# Initial Exploratory Data Analysis

In this notebook an analysis of raw data is performed in order to have a first sight about the data sets, the features and their types, existence of missing values and outliers, inconsistencies, etc.

We want to have, for every data set, a to do task list in later steps of the data preprocessing stage, like:

* Missing values imputation
* Handling outliers
* Data transformation

## Data description

Data have been obtained from kaggle competition [Ashrae - Great Energy Predictor III](https://www.kaggle.com/c/ashrae-energy-prediction), where the goal is to predicto the energy consumption in several buildings for the next two years. These are the files and the feature description in each one:

**train.csv**
* `building_id` - Foreign key for the building metadata.
* `meter` - The meter id code. Read as `{0: electricity, 1: chilledwater, 2: steam, 3: hotwater}`. Not every building has all meter types.
* `timestamp`  - When the measurement was taken
* `meter_reading` - The target variable. Energy consumption in kWh (or equivalent). Note that this is real data with measurement error, which we expect will impose a baseline level of modeling error.

**building_meta.csv**
* `site_id` - Foreign key for the weather files.
* `building_id` - Foreign key for training.csv
* `primary_use` - Indicator of the primary category of activities for the building based on EnergyStar property type definitions
* `square_feet` - Gross floor area of the building
* `year_built` - Year building was opened
* `floor_count` - Number of floors of the building

**weather_[train/test].csv**

Weather data from a meteorological station as close as possible to the site.

* `site_id`
* `air_temperature` - Degrees Celsius
* `cloud_coverage` - Portion of the sky covered in clouds, in oktas
* `dew_temperature` - Degrees Celsius
* `precip_depth_1_hr` - Millimeters
* `sea_level_pressure` - Millibar/hectopascals
* `wind_direction` - Compass direction (0-360)
* `wind_speed` - Meters per second

**test.csv**

The submission files use row numbers for ID codes in order to save space on the file uploads. test.csv has no feature data; it exists so you can get your predictions into the correct order.

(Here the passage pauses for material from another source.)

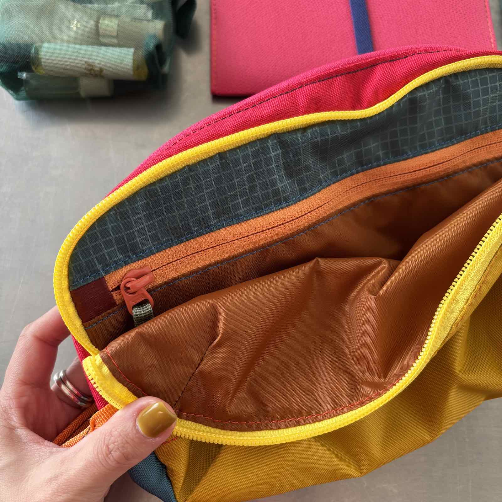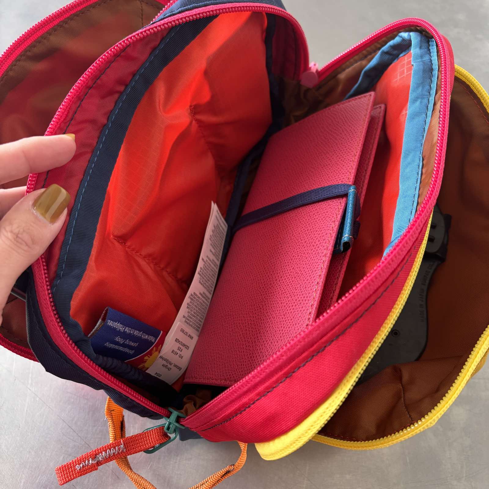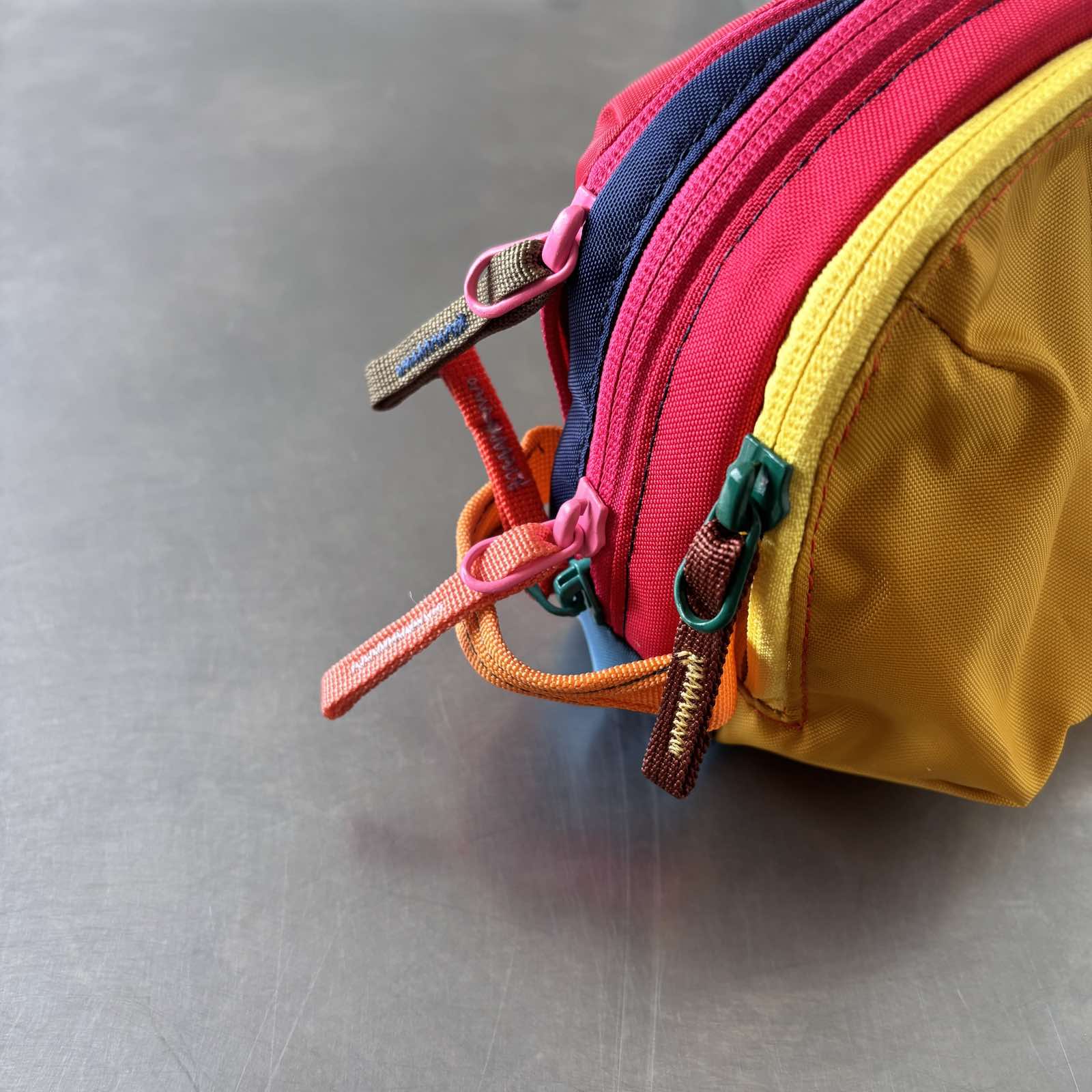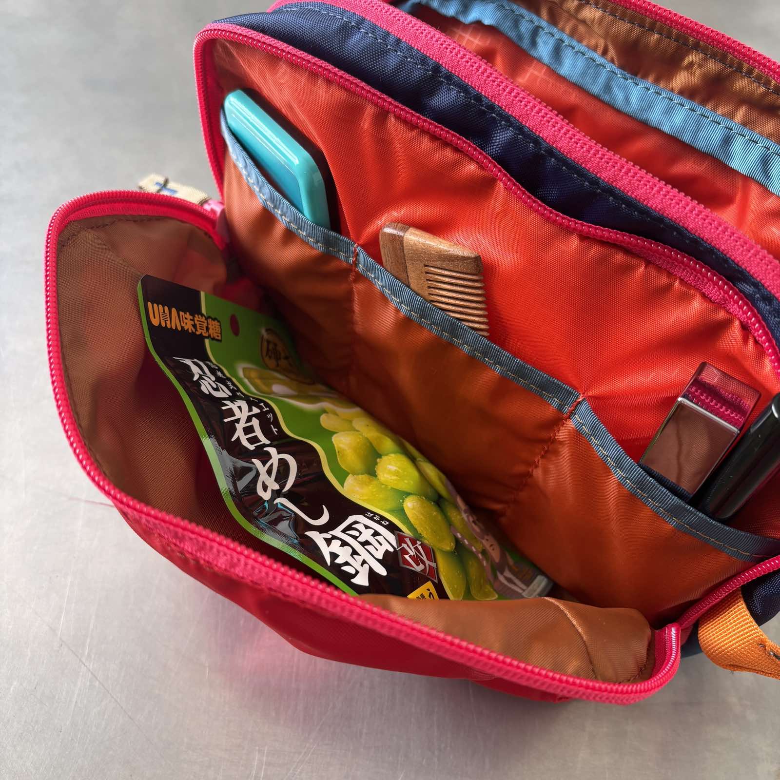 そして、この残布だから叶う、このファスナー細部まで色とりどり!楽しくなります。そしてこの配色の違いが「どこに何入れたっけ?」を防いでくれています。

* `row_id` - Row id for your submission file
* `building_id` - Building id code
* `meter` - The meter id code
* `timestamp` - Timestamps for the test data period


In [1]:
# Load libraries

%load_ext autoreload
%autoreload 2

import pandas as pd
import numpy as np
import datetime as dt
import gc
from src.functions import utils as utl
import matplotlib.pyplot as plt
import seaborn as sns
import missingno as msno
import pandas_profiling

## Train Data import

In order to avoid memory problems because of the size of the data sets, we're using the funciton `import_data` from our local library `utils`, that considerably reduces the size of data frames.

In [46]:
train = utl.import_data('../../data/raw/train.csv') 

Memory usage of dataframe is 616.95 MB
Memory usage after optimization is: 173.90 MB
Decreased by 71.8%


In [2]:
building_meta = utl.import_data('../../data/raw/building_metadata.csv')
building_meta.name = 'Building_metadata'

Memory usage of dataframe is 0.07 MB
Memory usage after optimization is: 0.02 MB
Decreased by 73.8%


In [3]:
weather_train = utl.import_data('../../data/raw/weather_train.csv')
weather_train.name = 'Weather'

Memory usage of dataframe is 9.60 MB
Memory usage after optimization is: 2.65 MB
Decreased by 72.4%


## Exploratory Data Analysis Reports 

Using the library `pandas_profiling` we get a report with an exploratory data analysis for all the three raw data sets. 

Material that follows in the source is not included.